Correction - 99.97% of cash tips don't go recorded. Why pay tax if they never saw it happen?
Compare this to:
> 3.00% of the passengers that pay by card do not leave tips.
(The author of the article).
I'm tempted to benchmark this against better known tech, maybe anyone has some insight to share?
And a 4 node Spark cluster with Parquet or Arrow files and a Scala job will compare favorably to this because it's also a lazy evaluator and the benchmark problems here are embarrassingly parallel.
PS this is a very cool project!
I think they solve a different problem, smaller data, data/relational integrity, data mutations. Dataframes can take shortcuts here.
If you want to do a serious benchmark, feel free to contact us.

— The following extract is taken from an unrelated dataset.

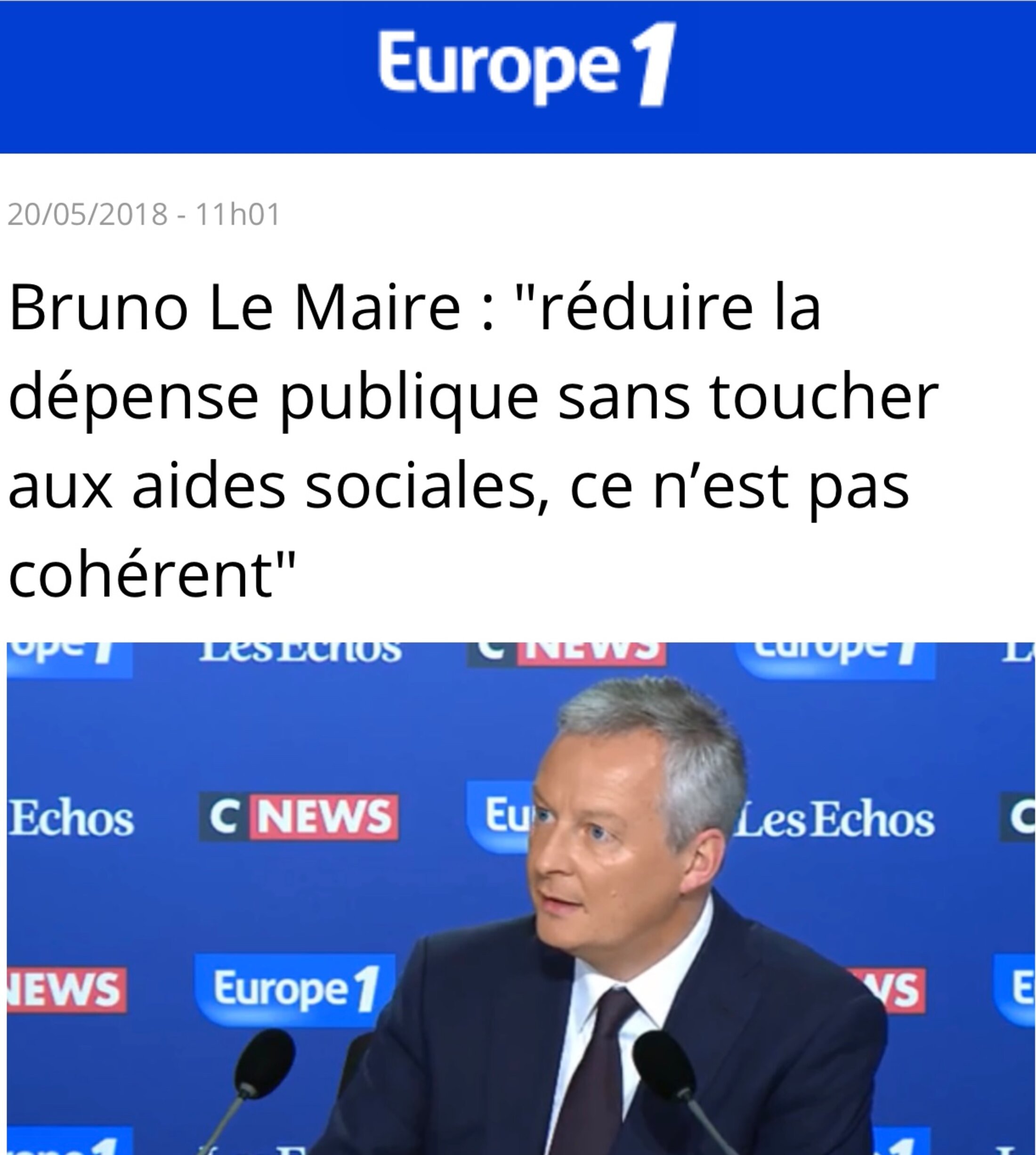 Les commentateurs se perdent en conjectures, qu'a-t-il voulu dire exactement, Bruno Le Maire, lors de l'émission le Grand rendez-vous de David Doukhan sur Europe 1 dimanche dernier ? Son ministère a précisé qu'il visait les politiques d'aides à l'emploi et non pas les "aides sociales personnalisées". En somme, ce qu'il aurait dit à Agnès Buzyn pour la rassurer, selon ce qu’elle a confié sur France Inter le 24 mai.

Email: (I'm easy to google).
It would indeed be interesting to see how this approach with Vaex compares to Postgres. Though, I would be quite sad giving up SQL in favour of Pandas DataFrame indexing and Python looping :)

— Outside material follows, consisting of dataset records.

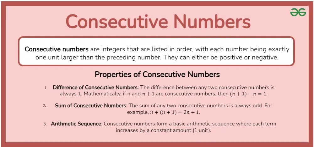 consecutive numbers properties formulas differences examples
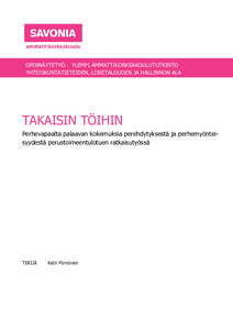 Tulosten perusteella perhevapailta töihin palaavien toimihenkilöiden perehdytys on kohtalaisen hyvällä tasolla Itäisen vakuutuspiirin toimeentuloturvan keskuksessa. Toisaalta tuloksissa oli saman vakuutuspiirin sisällä huomattavia tiimi- ja esihenkilökohtaisia eroja, joten erityisesti käytäntöjen yhtenäistämiseen tulisi panostaa jatkossa. Keskeisimmiksi kehityskohteiksi nousivat perehdytyksen tasalaatuisuuden varmistaminen ja esihenkilötyön kehittäminen erityisesti perhemyönteisyyden näkökulmasta. Tutkimus on tehty haastattelemalla perustoimeentulotuen ratkaisutyön parissa työskenteleviä, mutta tutkimuksessa ilmenneet kehittämiskohteet ja ratkaisuehdotukset ovat hyödynnettävissä koko Kelan organisaatiossa sekä lisäksi muilla toimialoilla.
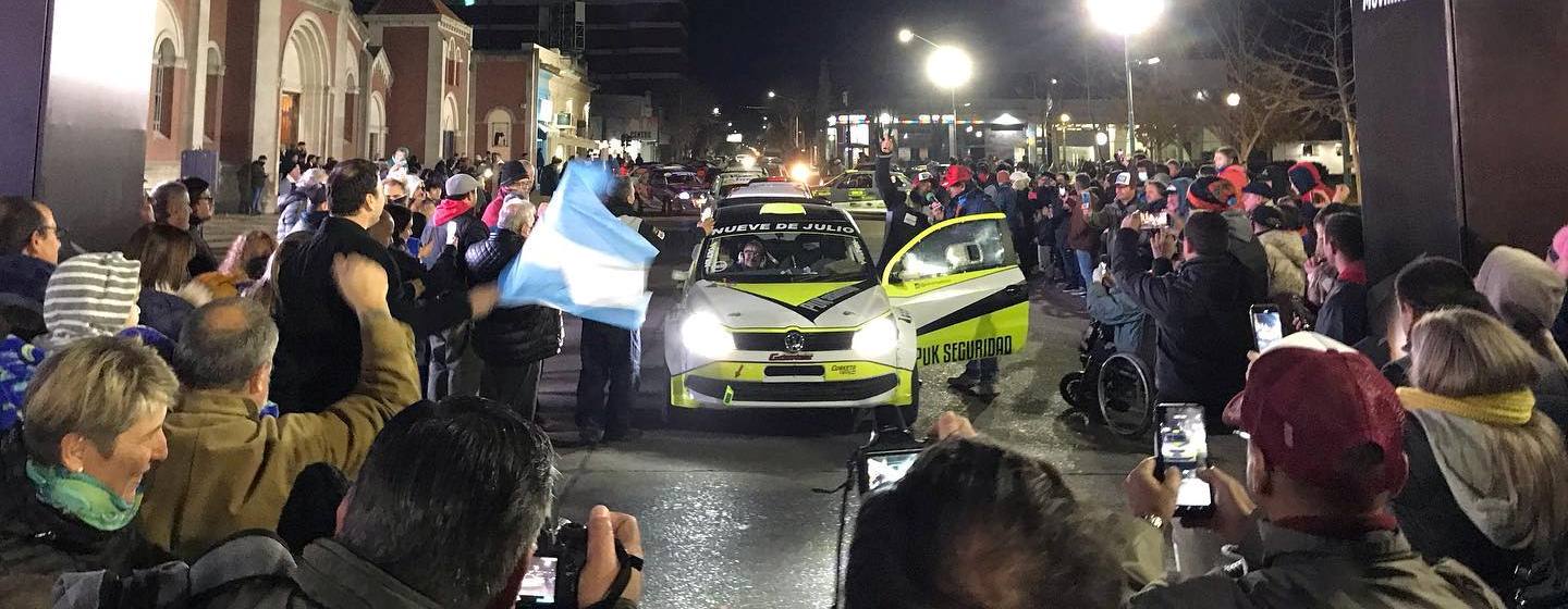 Luego, ya sobre la calle Libertad, se hizo un reconocimiento a Juan Carlos Pressavento, histórico y reconocido piloto de la ciudad de Nueve de Julio con trayectoria en el automovilismo nacional y rally en Argentina.

We are also working on GraphQL support, with a Hasura-like API:
I think GraphQL is easier in combinations with front end development, and you can tab-complete your way out. Early days for this sub-project, but I think very promising.
This all seems pretty interesting. I will give it a go.
It feels like growing wings and a jetpack. Almost everthing is waaay easier and faster.
Is there any way around that?
Yes, anything with one function call per item is going to be slow. That, along with memory inefficiency of lists, is the reason why numpy exists.
Xarray is more about nd-arrays, less about ~tabular data.
Vaex is built from the ground up with the idea that you can never copy the dataset (1TB dataset was quite common). We also never needed distributed computing, because it was always fast enough, and thus never had to use dask (although we're eager to support it fully).
Also, vaex is lazy but tries to hide it from you. For instance, if you add a new column to your dataframe, it will only be computed when needed (taking up 0 memory). However, in practice, you're not really aware of that. This means it feels more like pandas (immediate results) than dask.dataframe (no .compute()/.persist() needed).
I would say they are all complementary, with small amount of overlap. Small data: use Pandas. Out of memory error: move to vaex. Crazy amount of data (100TB?) that will never fit onto 1 computer: dask.dataframe, or help us implement full dask support.
The first commit was Jan 2014, when it between 50-80% of my time until 2018 I think where I mostly developed it myself. After that, it is more difficult to say how much time was spend on it, and it wasn't only my time. Although I do most of the development, ideas and discussions with data scientists can be more important than just pure dev time. But it took some time :)